How Domino Actions Create Chain Reactions

Dominoes are a great way to teach kids how to count. They’re also a fun way to get kids in the kitchen to help with cooking and cleaning. But the best thing about dominoes is how they create a chain reaction. When one domino hits another, it can set off a whole series of actions like falling tiles, water ripples or even a pizza party! This is what makes domino action so important, and it’s something we should all practice every day. Admiral William H. McRaven said that “A single act, no matter how small, can have a ripple effect and make a difference in the world.” The same is true for domino actions. Just making your bed in the morning or putting a Tupperware bin back in the cupboard can have a domino effect of its own. Hevesh says that when she starts a project, she always tests the first domino to see what it will do on its own. This helps her adjust the project as needed before she begins laying it out. She works in 3-D sections and flat arrangements, and each section is filmed in slow motion so she can watch it fall and correct any problems.

In her spare time, Hevesh also makes her own domino sets for playing with friends. She’s made some that are incredibly intricate, including a circular layout with 76,017 dominoes that holds the Guinness Record for most dominoes in a circle. She says the key to creating these designs is understanding the laws of physics. “When you stand a domino upright, it stores potential energy based on its position,” explains Stephen Morris, a physicist at the University of Toronto. He adds that when a domino is knocked over, much of its potential energy is converted into kinetic energy as it falls, causing the next domino to push toward it.

Hevesh’s most ambitious creations take several nail-biting minutes for all the dominoes to fall, and she says that one physical phenomenon is particularly crucial: gravity. Gravity pulls a knocked-over domino down toward Earth, causing it to hit the next domino in its path and triggering the chain reaction that leads to the end of her domino art.

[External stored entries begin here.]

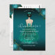 Esta elegante tarjeta de invitación de Quinceañera presenta a una niña con un vestido azul turquesa con acentos florales en azul turquesa y dorado. La parte trasera cuenta con acentos de ramillete de rosas en azul turquesa y dorado. Fácil de personalizar haciendo clic en "Personalizar".
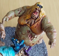 sous couche verte zombie (peinture de la gamme Zombicide du set army painter) puis une contraste peau (Gulliman Flesh de chez Citadelle). Le résultat est pas trop mal et fait une peau très verte. Vous pouvez éclaircir le vert avec un peu de blanc si vous voulez un truc plus livide. La teinte peau étant assez peu contrastée par rapport au vert, vous pouvez aussi utiliser un shader peau qui contraste bien plus et qui s’utilise en théorie sur une base rose.
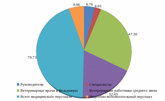 К руководящему составу относятся директор, его заместитель. К медицинскому персоналу верхнего уровня относятся ветеринарные врачи и фельдшеры. Ветеринарные работники среднего звена составляют ветеринарные санитары. Подсобно-вспомогательный персонал включает в себя водителей, сторожей и уборщиц. Дополнительная ставка уборщицы появилась при перераспределении площадей работы и присоединением лечебно-профилактического отделения.
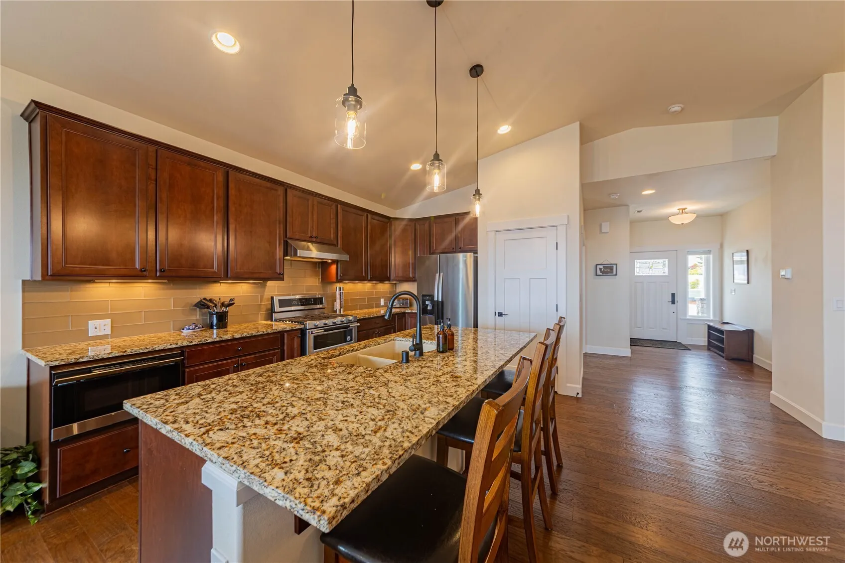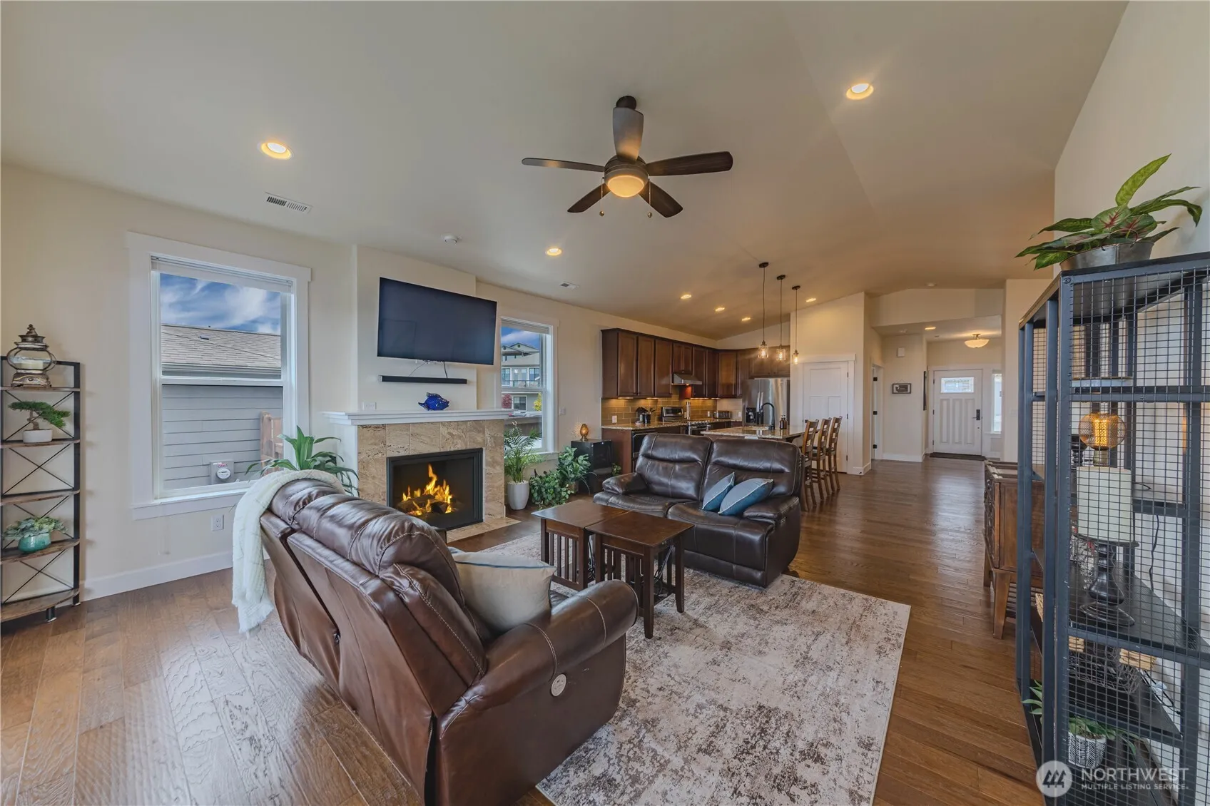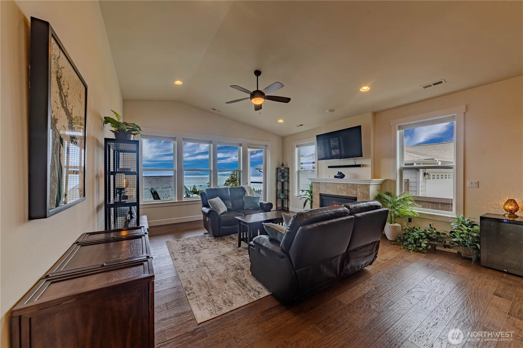 Breathtaking views of mountains & sparkling waters of the Puget Sound, transform daily life into an endless getaway. Open-concept design is complete with wide-plank hardwoods, AC, tankless H20 htr, 23 solar panels, EV outlet & more. Main level: gourmet kitchen, center island, dining, living, covered deck with infinity glass, primary suite, bed/office, 3/4 bath, laundry & 2 car garage. Downstairs: discover flexibility with 2nd living room, covered patio + views, 2nd kitchen, media/office, 2 add’l bedrooms, large 2nd laundry & full bath —ideal for multi-gen living, guests or possible rental (Buyer to verify). Plenty of storage. Enjoy the landscaped, irrigated & fully fenced yard. Moments away from vibrant local amenities, ferry & lush parks.
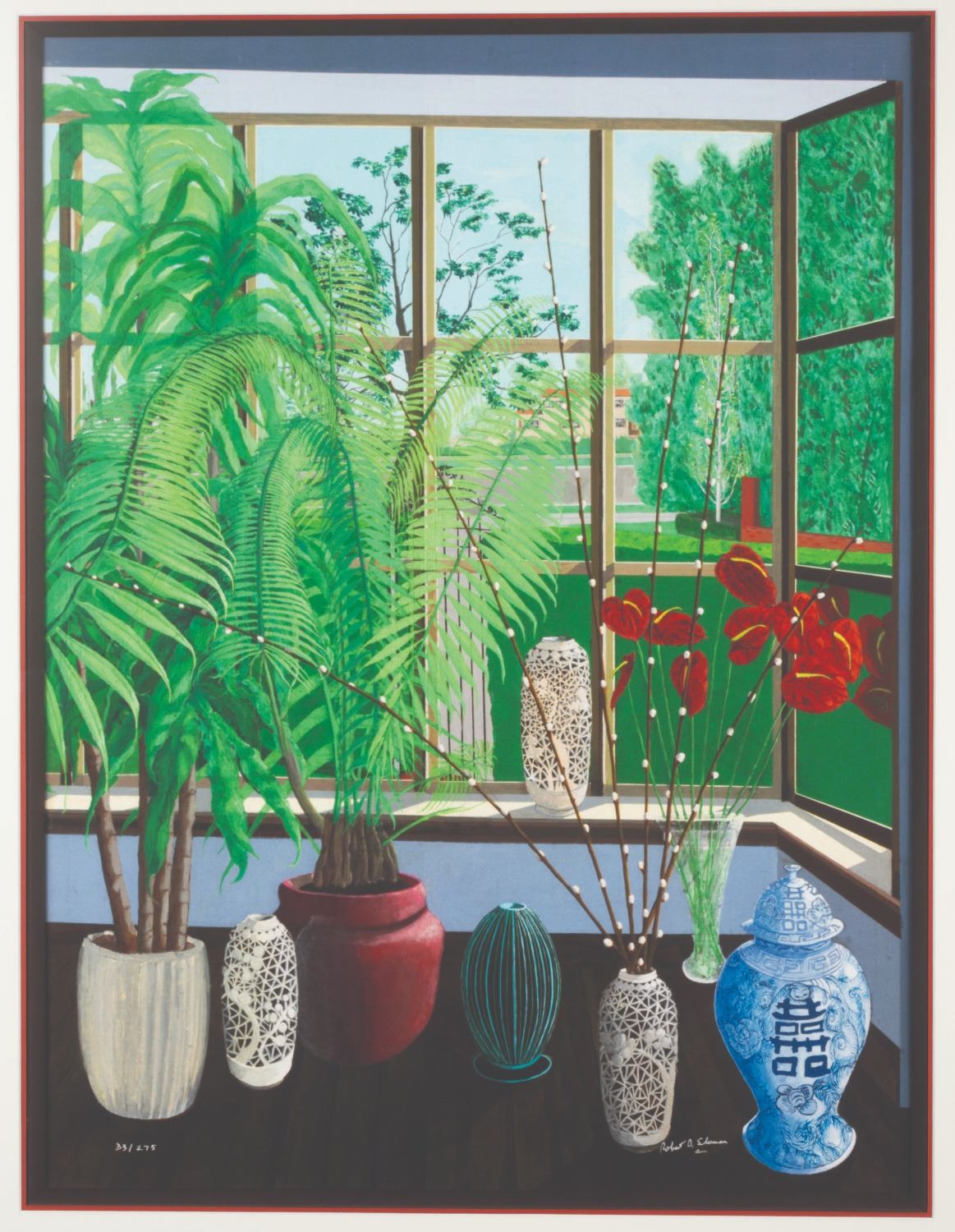 (Robert Sherman Art, 2002) A limited edition giclee print of a painting by Disney Legend composer Robert Sherman. Titled "From the Dining Room," the print is number 33 of 275 and comes with a COA signed by Sherman. Measuring 25.5" x 18.5" and presented in a beautiful 28.75" x 35" frame, the print is in fine condition.
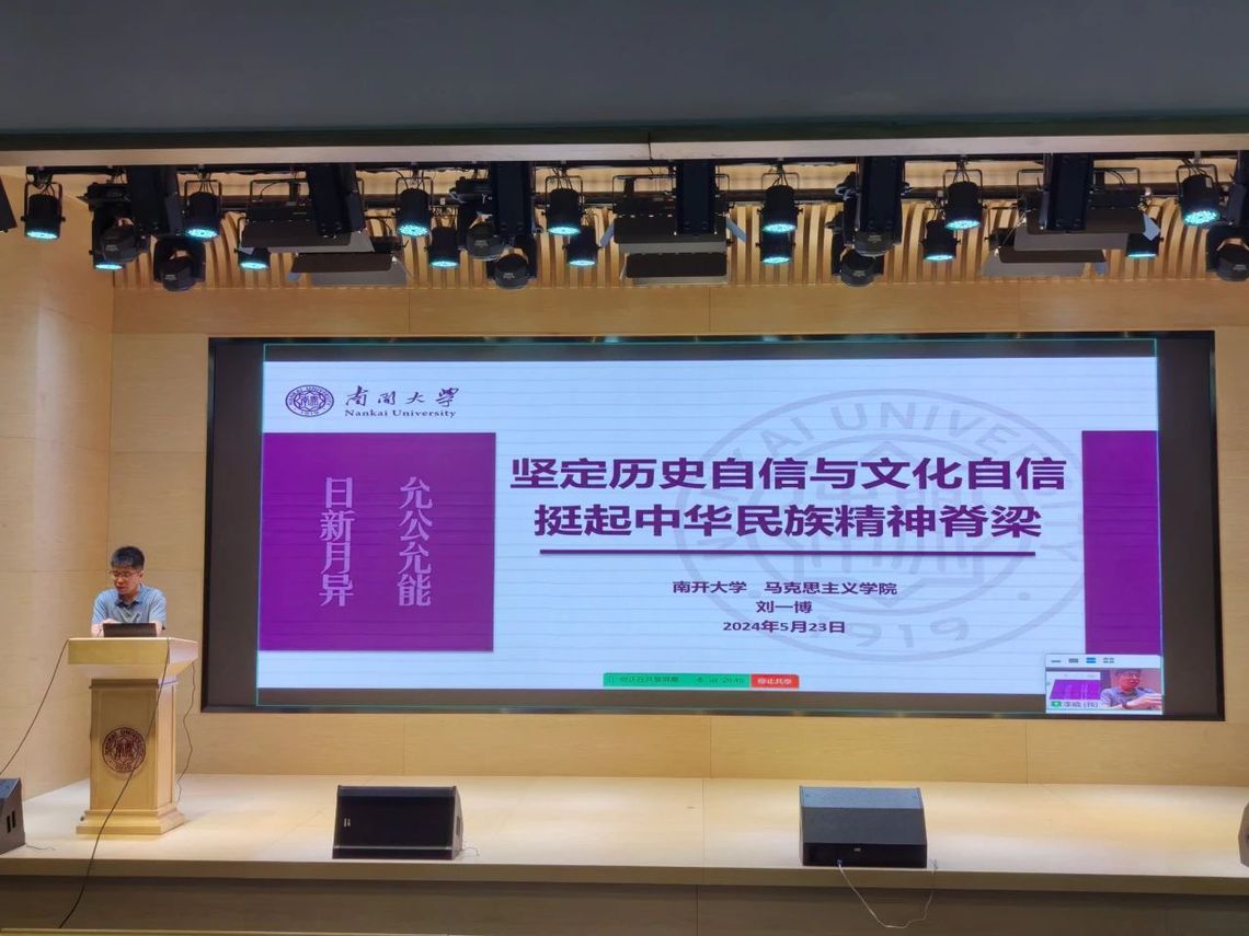 近日,本学期第三次“形势与政策”课于银河报告厅开讲,南开大学马克思主义学院副教授刘一博带来“坚定历史自信与文化自信,挺起中华民族精神脊梁”主题讲座,800余名师生线上线下一同参与本次讲座。
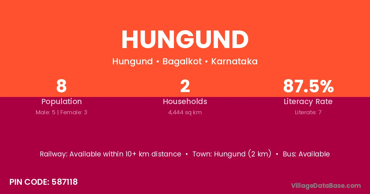 Bankapura (10 km) is the nearest town to Hungund village for major economic activities and is located approximately 10 km away.
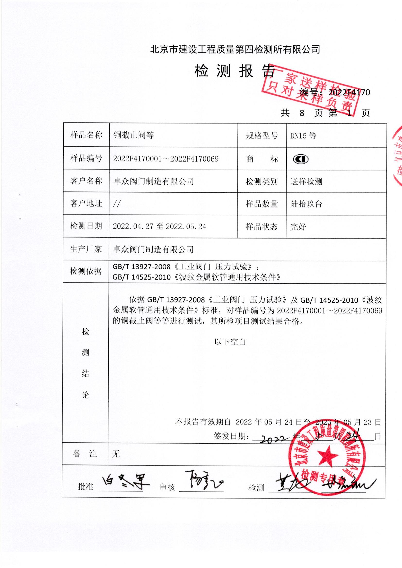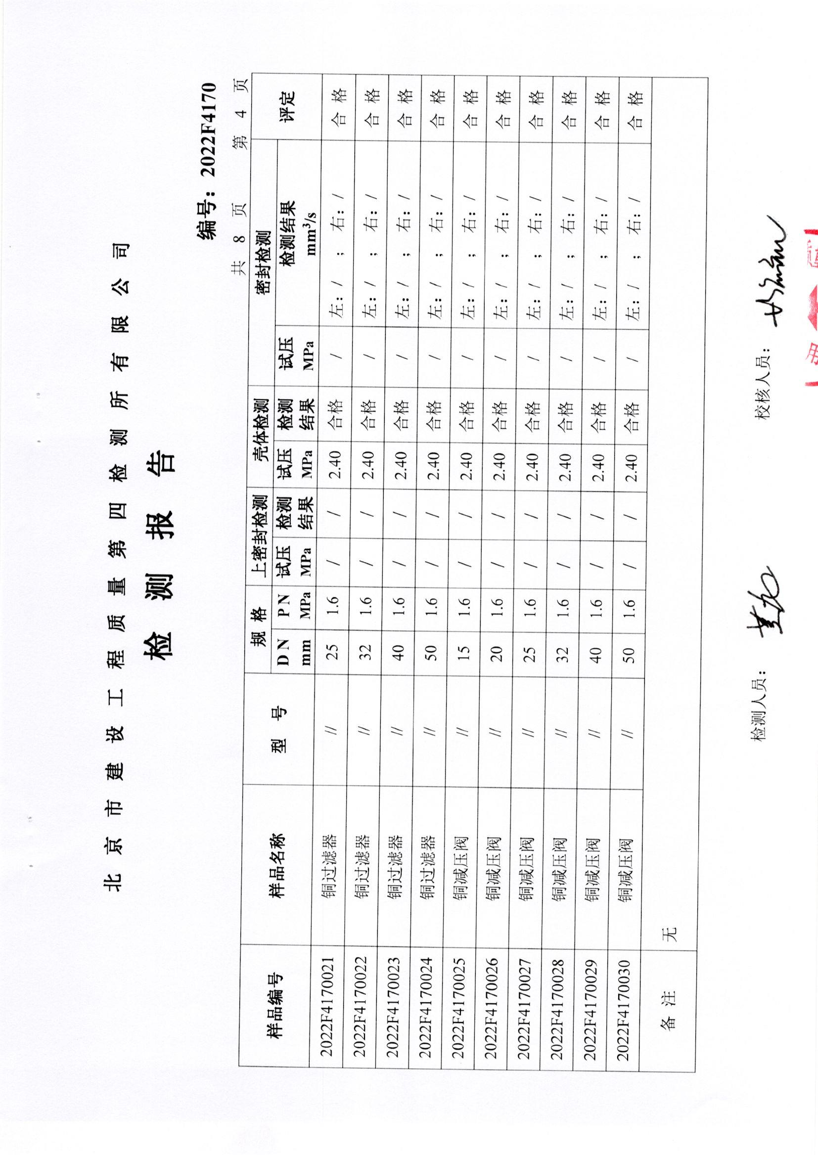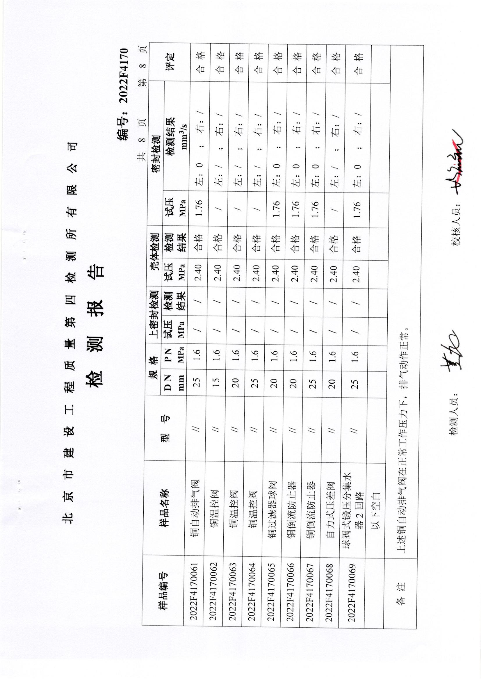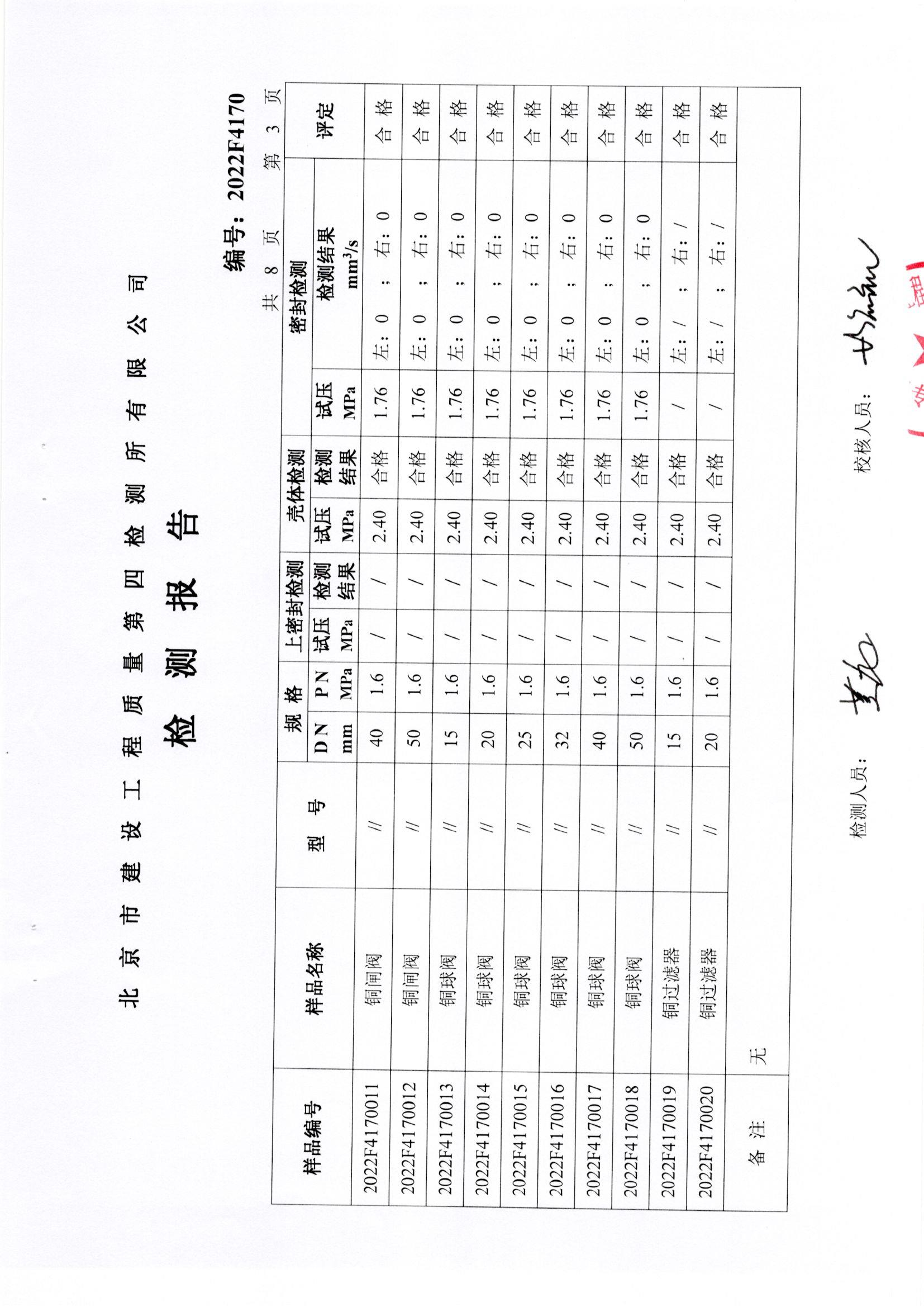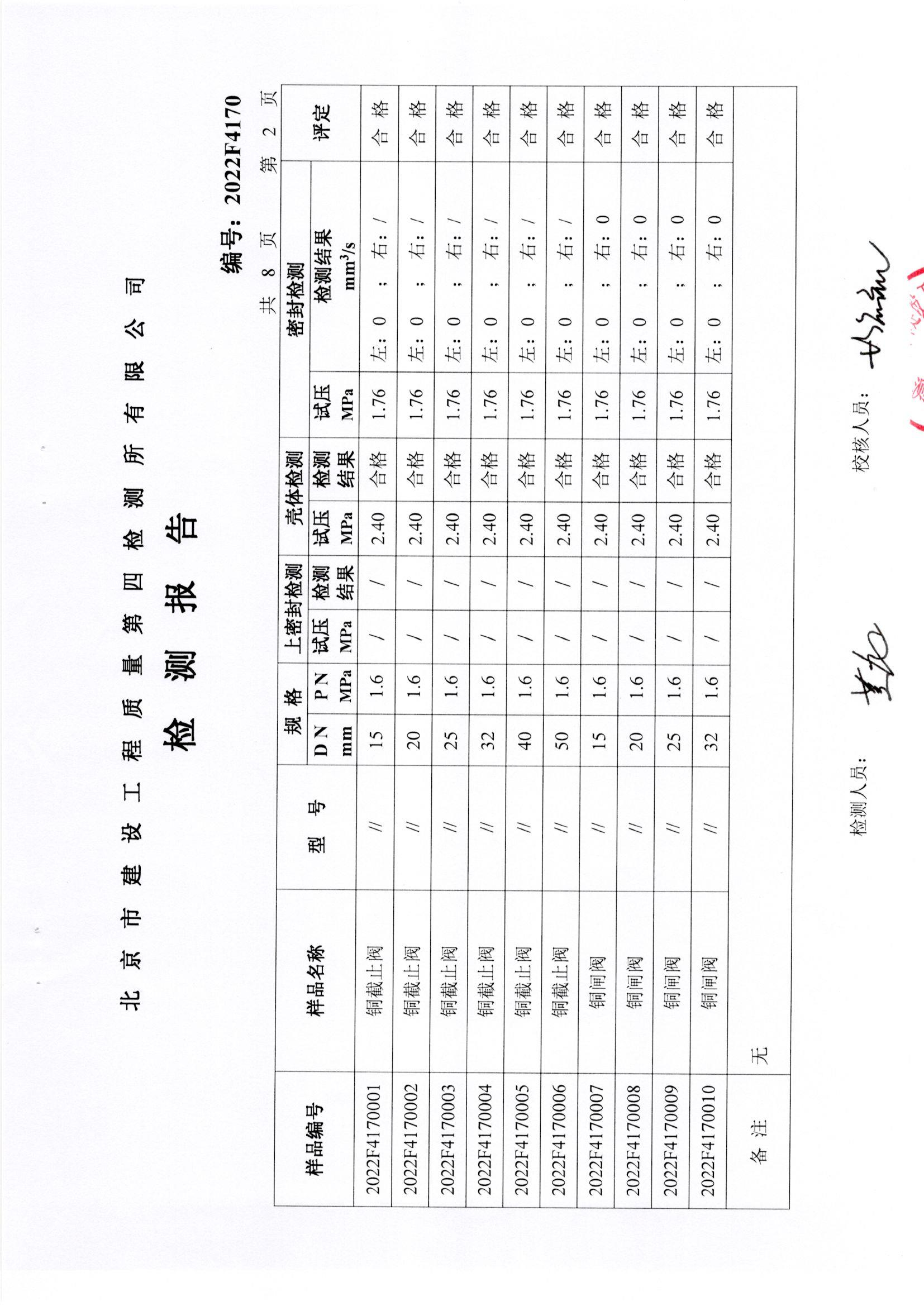 铜截止阀等检测报告
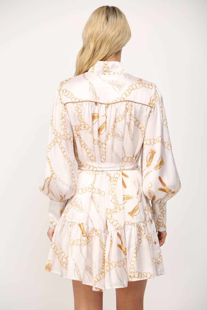 CHAIN PRINT SATIN STAND COLLAR TIE WAIST DRESS FD30321
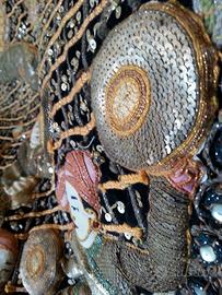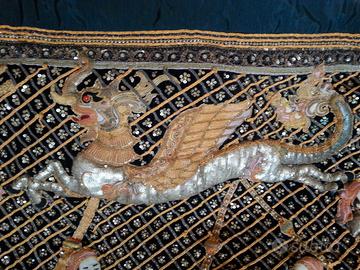 Vendo grande arazzo kalaga (Thailandia del nord), acquistato in viaggio negli anni '80 , interamente fatto a mano su fondale nero, riccamente ornato con figure in rilievo impreziosite da paillettes, perline, corallini e fili dorati . Nella parte superiore presenti 13 passanti in raso per appenderlo a bastone . Conservato con estrema cura.
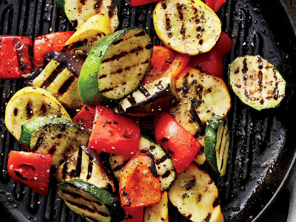 -puneți bolul deoparte și feliați următoarele legume : o vânătă , un ardei roșu și un dovlecel .Lăsați-le pe tigaie câte 10 minute pe fiecare parte

A domino is a rectangular, thumb-sized, flat tile that has either a blank face or numbers from one to six pips (or dots). The number of pips on each domino determines its rank and value. 28 such pieces make up a complete domino set. Dominoes are often used to play a variety of games, with players matching ends of pieces or arranging them in lines and angular patterns. The word domino appears in English around 1750, but it may derive from an earlier sense of a long, hooded garment worn with a mask or over a priest’s surplice at carnival season or a masquerade. A more likely source is the name of a tanner in Venice who developed the pieces with ebony blacks and ivory faces.